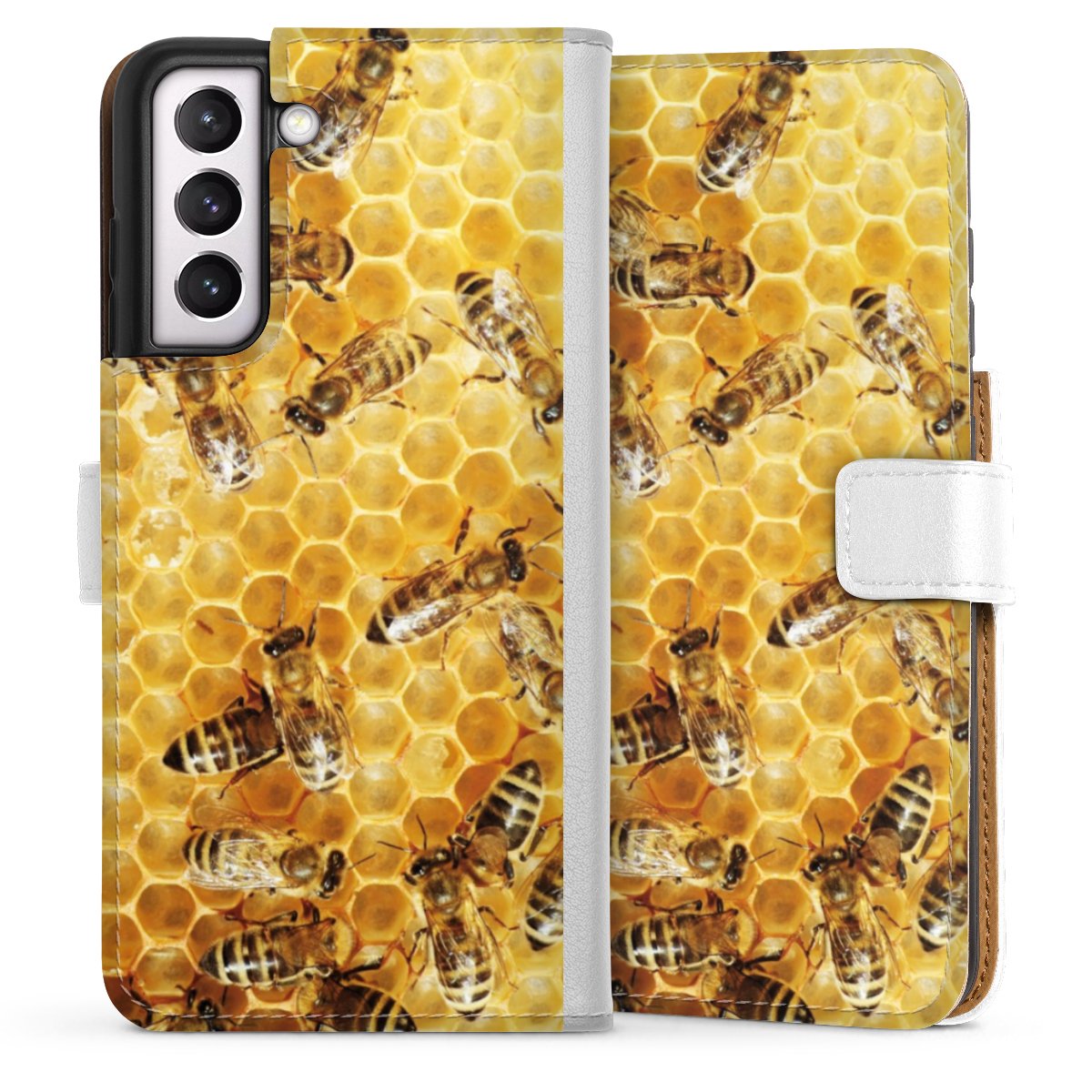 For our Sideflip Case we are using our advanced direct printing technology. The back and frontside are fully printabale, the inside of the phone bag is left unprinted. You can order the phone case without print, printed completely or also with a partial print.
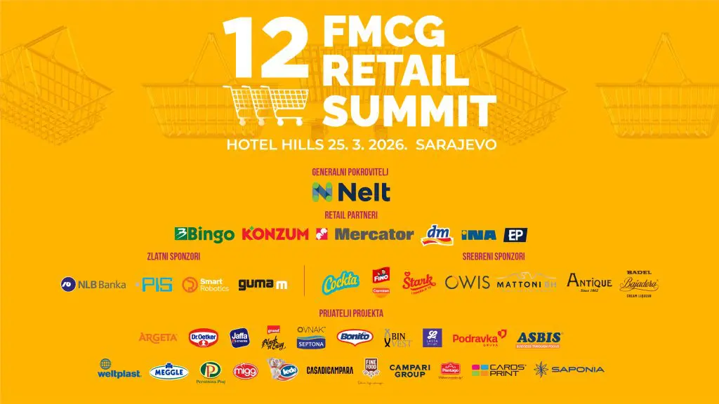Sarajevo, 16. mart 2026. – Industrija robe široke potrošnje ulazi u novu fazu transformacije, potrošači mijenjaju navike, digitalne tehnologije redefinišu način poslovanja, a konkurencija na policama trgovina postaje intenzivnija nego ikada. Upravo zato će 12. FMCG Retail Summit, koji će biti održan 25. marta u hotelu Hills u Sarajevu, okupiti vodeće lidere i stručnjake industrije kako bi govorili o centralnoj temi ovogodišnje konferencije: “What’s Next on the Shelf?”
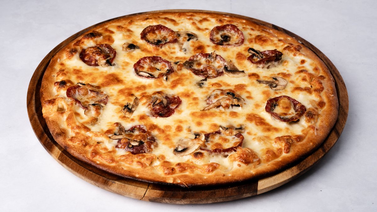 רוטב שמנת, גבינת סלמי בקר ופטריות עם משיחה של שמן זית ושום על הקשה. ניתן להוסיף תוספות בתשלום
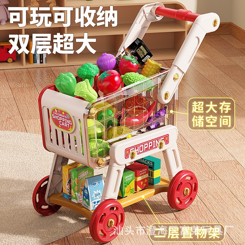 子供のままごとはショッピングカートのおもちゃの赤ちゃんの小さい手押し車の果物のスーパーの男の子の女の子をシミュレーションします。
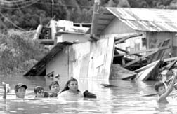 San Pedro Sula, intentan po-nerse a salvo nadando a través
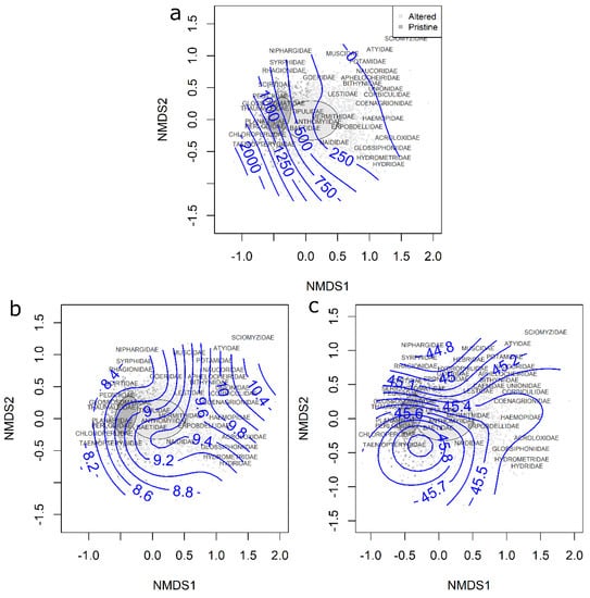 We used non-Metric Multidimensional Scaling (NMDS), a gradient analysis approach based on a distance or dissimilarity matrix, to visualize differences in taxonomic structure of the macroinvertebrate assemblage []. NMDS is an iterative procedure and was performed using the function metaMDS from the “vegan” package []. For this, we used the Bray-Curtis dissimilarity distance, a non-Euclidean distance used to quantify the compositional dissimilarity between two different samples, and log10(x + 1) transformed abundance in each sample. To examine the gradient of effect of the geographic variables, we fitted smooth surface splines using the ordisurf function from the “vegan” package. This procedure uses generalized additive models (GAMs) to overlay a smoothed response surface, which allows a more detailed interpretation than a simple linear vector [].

== == ==

Problem statement. Write the data above out exactly. Leave out any pictures.

Answer area.
 For our Sideflip Case we are using our advanced direct printing technology. The back and frontside are fully printabale, the inside of the phone bag is left unprinted. You can order the phone case without print, printed completely or also with a partial print.
Sarajevo, 16. mart 2026. – Industrija robe široke potrošnje ulazi u novu fazu transformacije, potrošači mijenjaju navike, digitalne tehnologije redefinišu način poslovanja, a konkurencija na policama trgovina postaje intenzivnija nego ikada. Upravo zato će 12. FMCG Retail Summit, koji će biti održan 25. marta u hotelu Hills u Sarajevu, okupiti vodeće lidere i stručnjake industrije kako bi govorili o centralnoj temi ovogodišnje konferencije: “What’s Next on the Shelf?”
 רוטב שמנת, גבינת סלמי בקר ופטריות עם משיחה של שמן זית ושום על הקשה. ניתן להוסיף תוספות בתשלום
 子供のままごとはショッピングカートのおもちゃの赤ちゃんの小さい手押し車の果物のスーパーの男の子の女の子をシミュレーションします。
 San Pedro Sula, intentan po-nerse a salvo nadando a través
 We used non-Metric Multidimensional Scaling (NMDS), a gradient analysis approach based on a distance or dissimilarity matrix, to visualize differences in taxonomic structure of the macroinvertebrate assemblage []. NMDS is an iterative procedure and was performed using the function metaMDS from the “vegan” package []. For this, we used the Bray-Curtis dissimilarity distance, a non-Euclidean distance used to quantify the compositional dissimilarity between two different samples, and log10(x + 1) transformed abundance in each sample. To examine the gradient of effect of the geographic variables, we fitted smooth surface splines using the ordisurf function from the “vegan” package. This procedure uses generalized additive models (GAMs) to overlay a smoothed response surface, which allows a more detailed interpretation than a simple linear vector [].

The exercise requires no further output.